CEP’s new report also shares advice from AAPI nonprofit leaders, many of whom expressed a hope that foundations will make more of an effort to understand their communities and their work. The special funding BCNC received the last two years is the result of many more years of hard work not only delivering quality programs but helping funders understand the work the organization was doing. The needs of Asian immigrants are not well understood by the mainstream or by white-led foundations. The cultural nuances and needs of the Asian community are masked by the model minority myth as well as the perception of being the perpetual foreigner. Support for translation, cultural brokering, understanding the importance of data disaggregation are all battles organizations serving ethnic communities are fighting today.
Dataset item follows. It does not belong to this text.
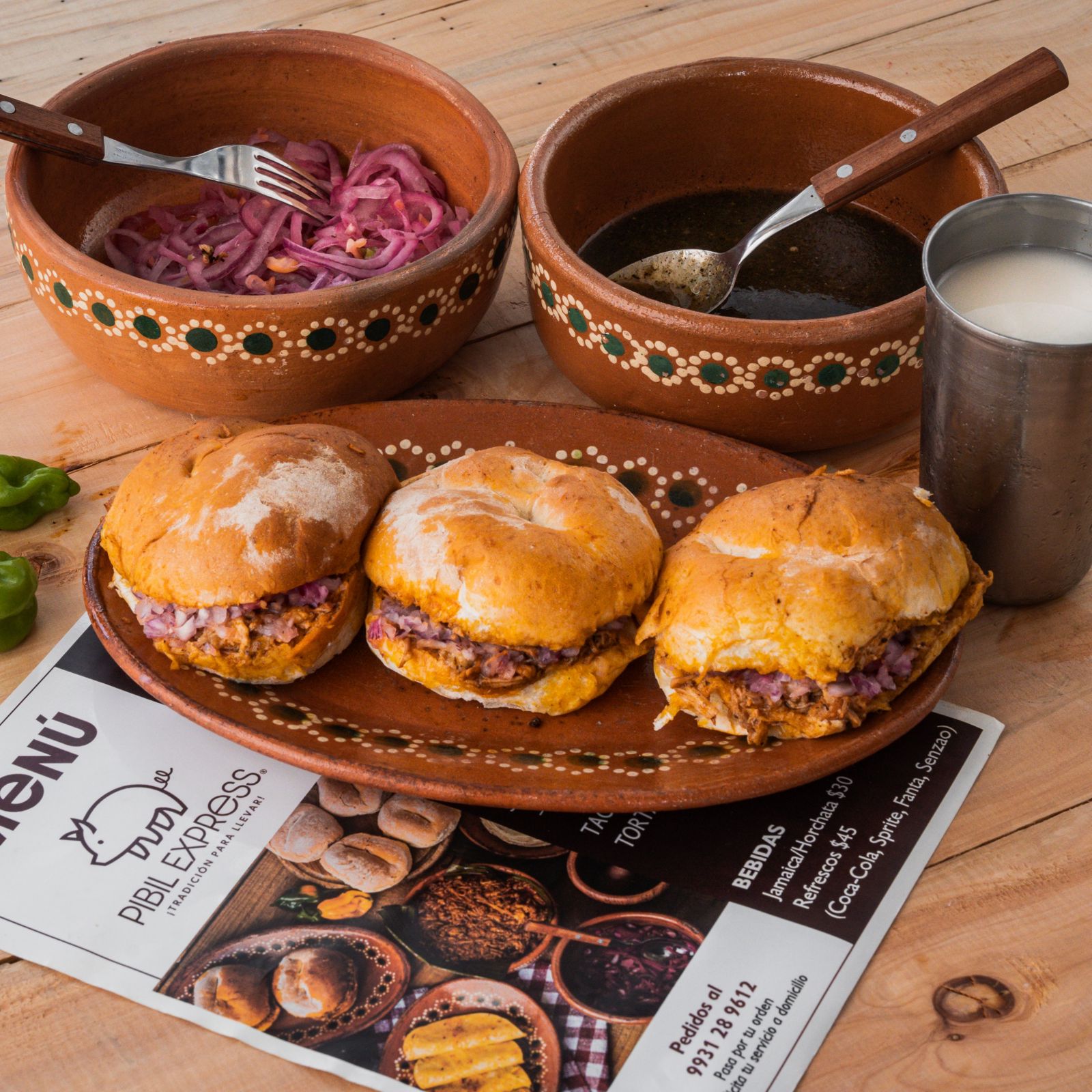 3 Tortas de cochinitas, pan bolillo redondo, carne de cochinita de pibill y 1 agua de sabor 600ml. Incluye salsa habanera y cebolla morada curtida.

I hope the new and increased support we have been fortunate to receive continues even as the limited media attention on the Asian community moves on. I hope funders increase their understanding of Asian needs as they increase their commitment to racial equity by simply listening to Asian serving organizations and their leaders. However, given that these experiences are the exception, not the rule, CEP’s report on the trend of AAPI nonprofit leaders reporting a less positive experience with foundation funders than nonprofit leaders of other races/ethnicities and the finding that foundations continue to overlook nonprofits that serve the Asian community should not come as a surprise.

How do foundations genuinely change those metrics? How does philanthropy truly reach those they want to serve and ensure that new or renewed commitments to racial equity make real-world impact?
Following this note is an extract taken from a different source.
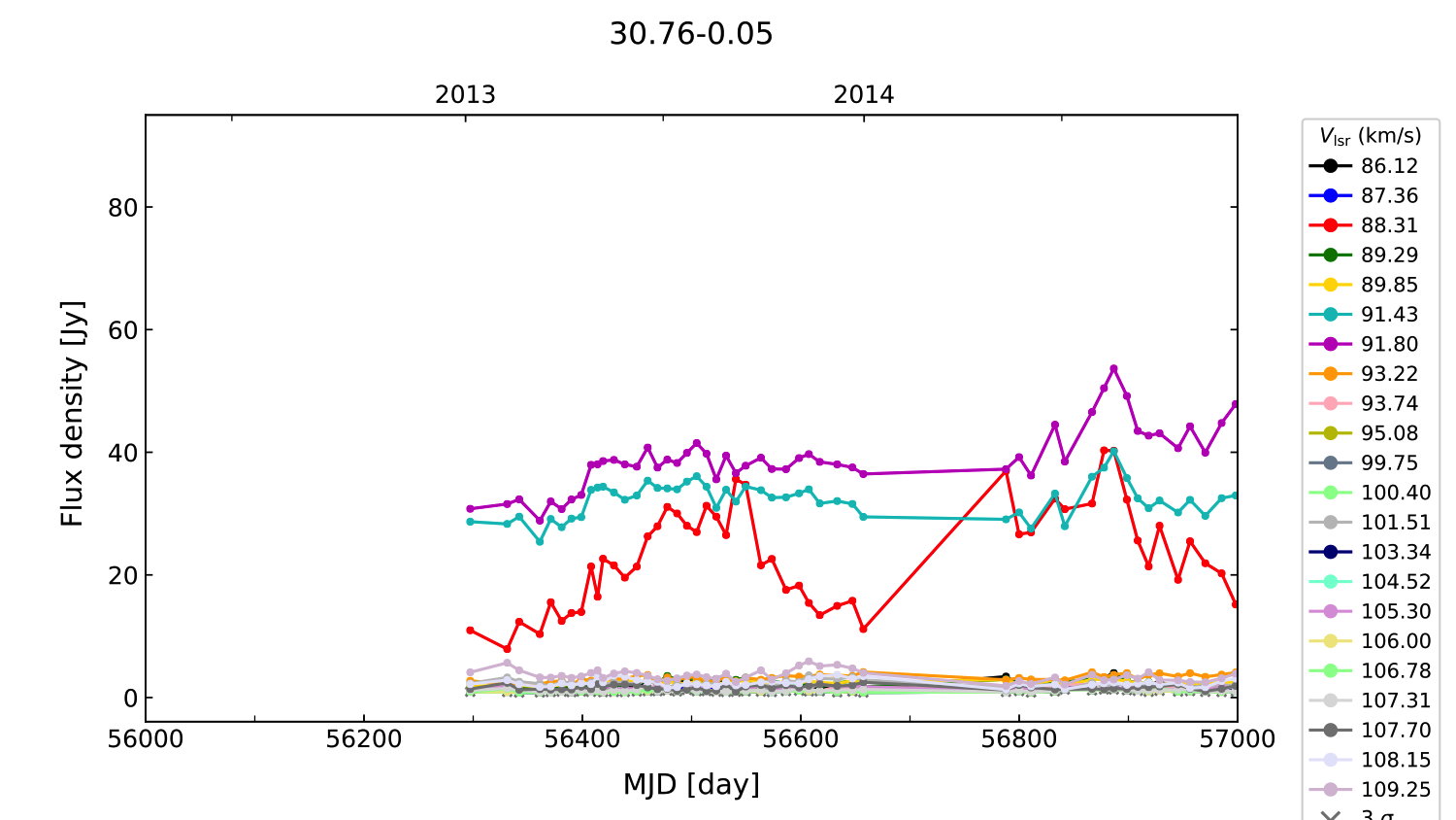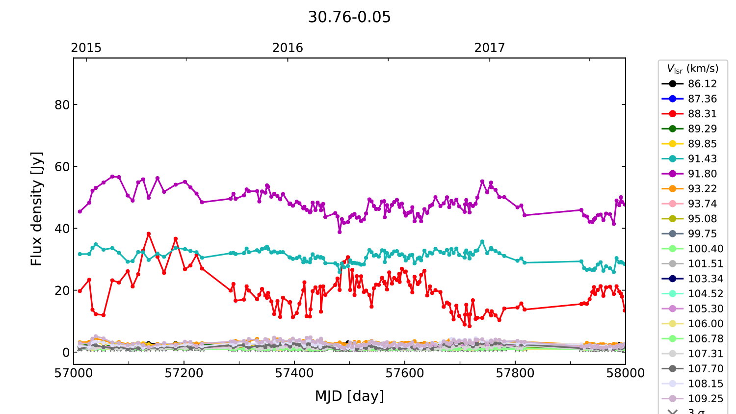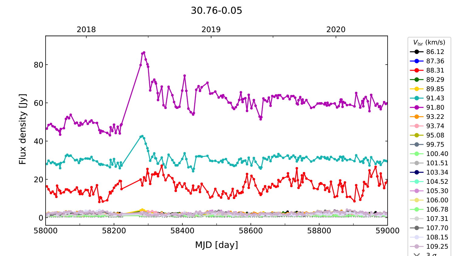 (L,B) = (030.761, -00.052) (RA, DEC [J2000]) = (18 47 39.73, -01 57 22.000)

First, there needs to be more representation in the ranks of philanthropy. It is easier to connect with someone who has a shared experience. Most of my career, I was the “only.” I rarely met an Asian leader of an organization or someone like me working at a foundation. That is why a few years ago, one of the few Asian leaders I knew and I started an Asian leadership group with me, dubbed the A-Team both to represent “Asian” and after a favorite TV show growing up! My A-Team cofounder is now a senior program officer at a large Boston-based foundation. Foundations need more people like him at the table so he can open doors and inspire others to join him there. He can also share his knowledge of working class Asian and immigrant communities with his colleagues.
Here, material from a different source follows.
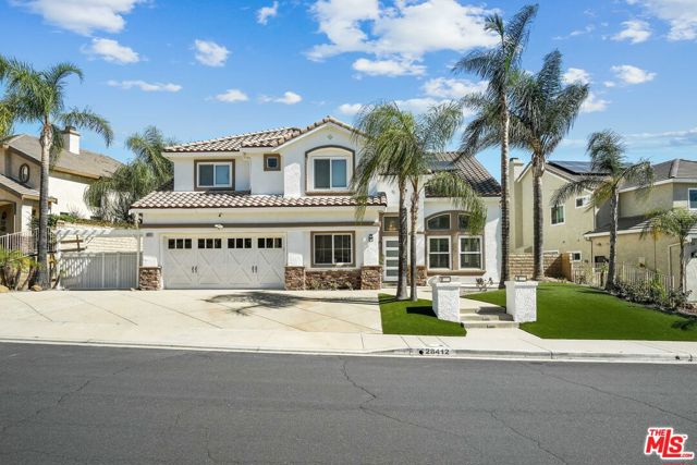 Welcome to 28412 Rock Canyon Drive, a beautifully designed 5-bedroom, 3-bathroom home offering 3,182 square feet of spacious living on a 6,647 square foot lot in one of Santa Clarita's most desirable neighborhoods. This residence seamlessly blends elegance, functionality, and energy efficiency featuring solar panels, a large side yard ideal for RV or boat parking, and a layout perfectly suited for modern family living. As you enter, you're welcomed by soaring ceilings and an abundance of natural light that fill the open-concept formal living and dining areas, creating an inviting and airy atmosphere. The thoughtful floor plan flows effortlessly into the heart of the home a ~ spacious kitchen that overlooks the family room. Here, you'll find ample cabinetry, generous counter space, and a layout designed for both everyday living and entertaining. The adjoining family room features a cozy fireplace and direct access to the backyard, making it the perfect space to gather with loved ones or unwind after a long day. Downstairs, a full bedroom and bathroom offer versatility for guests, in-laws, or a private home office. Upstairs, the expansive primary suite provides a serene retreat complete with a large ensuite bathroom featuring dual vanities, a soaking tub, separate shower, and a walk-in closet. Three additional bedrooms upstairs offer ample space for family, a home gym, or creative workspace, while the open hallway and landing maintain the home's bright and open feel. Step outside to a private backyard designed for relaxation and outdoor enjoyment. The spacious patio is perfect for barbecues, family gatherings, or simply soaking up the Santa Clarita sunshine. The large side yard offers plenty of room for RV or boat parking, adding a rare and valuable feature to this already impressive property. With a 2-car attached garage, low-maintenance landscaping, and solar panels, this home combines practicality and comfort with significant long-term savings. Ideally located in a peaceful and family-friendly community, this home is just minutes from top-rated schools, parks, shopping, dining, and freeway access. 28412 Rock Canyon Drive embodies the perfect balance of style, functionality, and convenience offering the space, comfort, and energy efficiency today's homeowners are looking for.

His move into philanthropy also gave me the opportunity to join BCNC and to learn more about my own Asian roots and the needs of Asian immigrants today. My mainstream life and education did not teach me much about the history of Chinese, Japanese, Korean, or Southeast Asian immigrant communities in the United States. But I have been quickly learning. I knew of the model minority myth but did not know the history deeply and how it is used as a wedge against other minorities or how it makes Asians even more invisible. That brings me to my second point:  foundation staff who want to truly invest in a broader understanding of DEI work, inclusive of AAPI communities, should take learning upon themselves. Read Ronald Takaki’s Strangers from a Different Shore and Ellen D. Wu’s The Color of Success: Asian Americans and the Origins of the Model Minority, as a start.

Finally, to return to my first charge to philanthropy, while the sector commits to racial equity, signs pledges, and reflects on evaluations like CEP’s Overlooked report, it should go beyond those steps — go deeper. Make sure your equity work really is inclusive. Understand the Asian ethnic groups in your communities and listen to them.